Living in Hell

Luis came home last night and got all bent out of shape that I'd spent all day in bed. He was really ticked off about it. Of course, what does he understand about any of what I am going through? He understands nothing - zilch. He does try from time to time, but truly it is a wasted effort: not because of lack of imagination, but lack of knowledge. He has never missed a day of work in his life. I think he has taken a total of eight sick days with CLS, where he has worked since age 19. He rarely if ever takes vacation, even though he fought hard for CLS to give three weeks (instead of the paltry one) - and let's be honest, here. I was the one who pushed like mad for that. A company is only as good as it's employees, and unhappy employees are not good ones. But I am losing my focus.

Luis has never taken any kind of disability - not temporary or permanent (don't be fooled by the term "permanent" as pertains to working. Temporary disability is for six months, and then the employee in question moves to permanent disability, which might be three weeks or three years. In my sad case, it is indeed permanent as the word implies: without a miracle, I will never work again. And I am not being negative, merely truthful, when I say that there is no cure, no palliative, nothing. Doctors and groups are working on Duchenne's Muscular Dystrophy, but ignoring completely the adult onset variations. Great news. eh?

On 24 August, I was in a car accident, where, against all odds, I spun across the road, and hit only a telephone pole. No other vehicles, no other people, just a telephone pole, leaning majestically over North Beverwyck in front of the new 7-11 (or QuikCheck - I can never recall which is which). I'm grateful that I only beaned the telephone pole (although I'm hoping I won't get a bill for it) and nothing living. I myself ended up with a perfect imprint of the bruises from the seat belt. Those have long since disappeared. I still have phantom pains from the bruised ribs, but I will have that for a while, no doubt, in the nature of such injuries.

My car was not so fortunate. She gave her life up so I could have mine.

And I know I should feel blessed, lucky, fortunate, happy to be alive. But the truth is, I am lost, miserable,  so painfully alone. Lost in depression, lost in the trap I lived in for so long since leaving work - both as an HR Manager and as an EMT. I went from being on top of the world with a life so charmed it was all I could take to not wait for the other shoe to drop. And it did.

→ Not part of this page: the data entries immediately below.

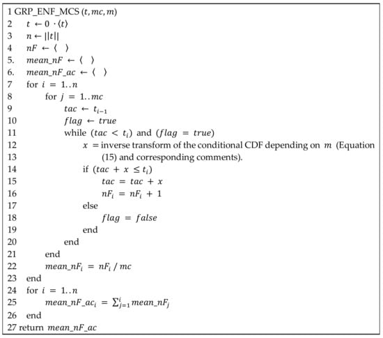 The pseudocode of the algorithm to obtain the GRP expected number of failures via Monte Carlo simulation (GRP_ENF_MCS) is shown in Figure 2. The inputs are the vector of observed failure times (), the number of Monte Carlo replications () and the GRP model (q-Exponential-GRP or q-Weibull-GRP). Lines 2–6 of the pseudocode correspond to the insertion of 0 into vector to include , the definition of as the length of vector (including the 0-th observation), the initialization of the vectors , and that will contain the total number of failures in each of the intervals , the mean number of failures in and the cumulative mean number of failures up to , with , respectively. Then, for each interval , replications are executed to obtain the corresponding mean number of failures (lines 8–22).
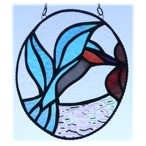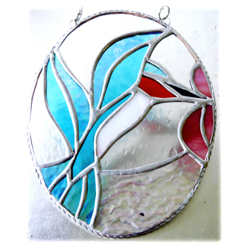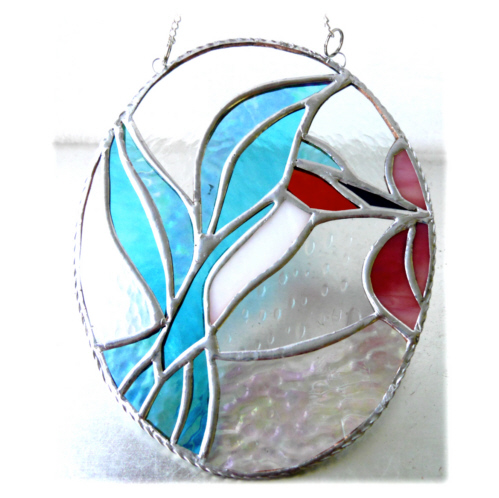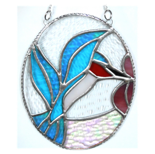 The suncatcher is in the form of an oval picture showing a bright shiny Kingfisher. The bird is fluttering its wings and has its beak in the middle of a bright Rose-Pink flower.
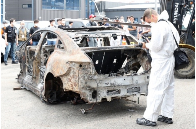 图说:2024年8月8日,梅赛德斯奔驰官员在韩国仁川调查期间拍摄了起火的电动汽车照片
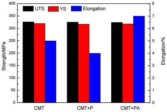 The high-temperature mechanical properties of the Direct Energy Deposition ZCL205A alloy deposited using the different processes are shown in Figure 10. The ultimate tensile strength (UTS) and yield strength (YS) of the different deposition processes at high temperatures are the same: the UTS is 325 MPa, and the yield strength is 320 MPa. The amount of strengthening phase precipitated in the peak state is slightly different due to the different heat inputs of the three deposition processes. However, after the high-temperature process, the strengthening phase in the transition state transforms into a stable phase. The strengthening effect drops rapidly, so the difference in the strengthening phase does not cause significant issues in mechanical properties. The elongations are fairly different: the elongation in the CMT Pulse Advanced process is 7%, and in the CMT Pulse process, it is only 4%. This is caused by the difference in heat inputs in the different processes leading to different sizes of primary θ phases, so the number and size of undissolved θ phases after solution treatment vary greatly, as shown in Figure 6. When the sample is stressed, cracks are first initiated at the position of the θ phases and propagate to the matrix, which reduces the elongation.

I have to live in this new... new... I can't call it a "world", but more like a new Hell. I was depressed a very long time after losing out on everything. I rarely left the house, rarely left the upper story of the house. I hardly spent time in my hammock. I ceased to enjoy all the things in life I loved. I became a recluse. I live online, and sometimes - rarely - on the telly. But this is not really living, and I know this.

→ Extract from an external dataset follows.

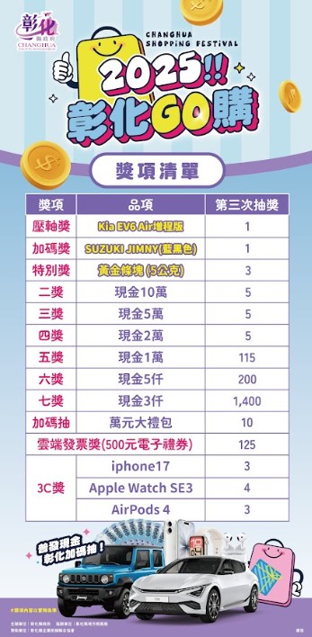 「2025彰化GO購」消費抽獎活動,今(7)日於縣府中庭舉辦第3次抽獎直播記者會,彰化縣長王惠美與會。在律師及縣府政風處全程見證下,公開抽出1,880位幸運得主,去年受惠於設計展盛況與中央普發現金一萬元的雙重利多,成功帶動全台民眾湧入彰化,消費熱度超乎預期,本次SUZUKI JIMNY汽車得主在和美加油600多元就幸運抽中,最大獎Kia EV6 Air增程版電動車得主則是購買Gogoro,為這場為期數月的消費拚經濟活動畫下圓滿句點。
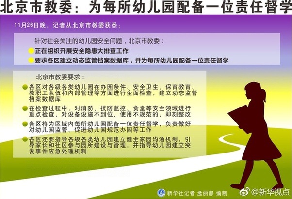 新华网11月27日电 近日,北京市教委要求为每所幼儿园配备一位责任督学。实现“幼有所育”,强化管理有必要,但更应补齐幼教发展短板。目前我国幼儿园师生比约为1:12,远低于国家标准。规范准入门槛,提高幼师待遇,培养幼教人才,难以一蹴而就,却是必须不懈努力的治本之策。 (据新华社“新华视点”微博报道)

This spring and summer I turned a corner and suddenly began to live once again - go places, spend time with my father, spend time out of the house. I was so happy again, and even got a pass for the Renaissance Faire to spend time up there with friends. It was grand to belong to something again, to drive so far, to be a distance from home. I was even beginning to think of vacations and trips.

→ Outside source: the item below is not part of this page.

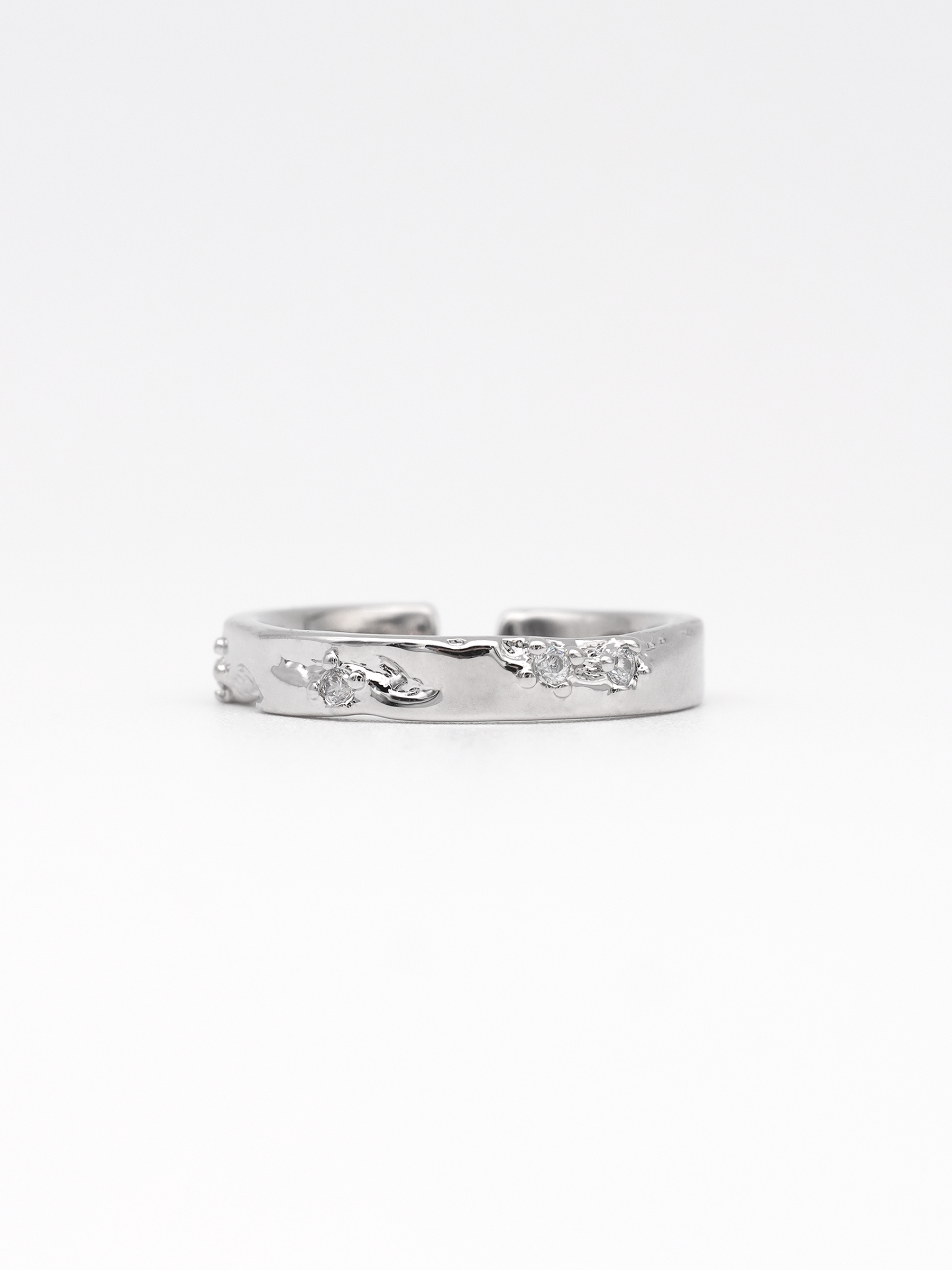 Inspired by the moment molten metal cools and solidifies, this ring contrasts calm symmetry with eruptive textures.The ring features a sleek surface with molten-like textures, adorned with brilliant zircon stones.

Until I had my accident. No car. No life. No escape. Nothing. I've been spending days in bed, not eating, just enough to keep my health sort of okay, not doing anything in the house. This isn't living.

I'm not living.

And I am just wondering... is it worth it to go on living a half-life? Or a quarter-life? Or, as more in my case, no life? Is it really worth it? I'm 45 years old. I can't imagine living to a ripe old age of, say, 80 with no life, no living, no car, no freedom. Can you? Can anyone?

I await what shall surely be a deafening silence.